▶ [Data shown]:

▬▬▬▬▬▬

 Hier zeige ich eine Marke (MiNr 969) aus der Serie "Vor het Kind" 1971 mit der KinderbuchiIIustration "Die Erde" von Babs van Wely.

▬▬▬▬▬▬

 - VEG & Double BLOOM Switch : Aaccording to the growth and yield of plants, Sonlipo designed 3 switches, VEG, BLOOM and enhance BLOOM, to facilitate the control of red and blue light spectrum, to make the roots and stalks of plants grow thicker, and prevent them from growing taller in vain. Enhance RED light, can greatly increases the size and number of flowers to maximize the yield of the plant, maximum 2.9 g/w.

▬▬▬▬▬▬

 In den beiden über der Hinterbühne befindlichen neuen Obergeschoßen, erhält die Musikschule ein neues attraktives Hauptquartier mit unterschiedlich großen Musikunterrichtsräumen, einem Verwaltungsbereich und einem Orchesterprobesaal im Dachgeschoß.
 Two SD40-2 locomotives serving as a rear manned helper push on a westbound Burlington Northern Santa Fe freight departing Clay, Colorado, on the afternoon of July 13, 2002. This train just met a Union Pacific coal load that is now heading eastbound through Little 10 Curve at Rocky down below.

▬▬▬▬▬▬

▶ [Exercise aim]:
Each line above from the one with "In den beiden" up to and including the one with "Two SD40-2 locomotives" must be set down exactly, and no line outside that span may appear.

▶ [Solution below]:
 In den beiden über der Hinterbühne befindlichen neuen Obergeschoßen, erhält die Musikschule ein neues attraktives Hauptquartier mit unterschiedlich großen Musikunterrichtsräumen, einem Verwaltungsbereich und einem Orchesterprobesaal im Dachgeschoß.
 Two SD40-2 locomotives serving as a rear manned helper push on a westbound Burlington Northern Santa Fe freight departing Clay, Colorado, on the afternoon of July 13, 2002. This train just met a Union Pacific coal load that is now heading eastbound through Little 10 Curve at Rocky down below.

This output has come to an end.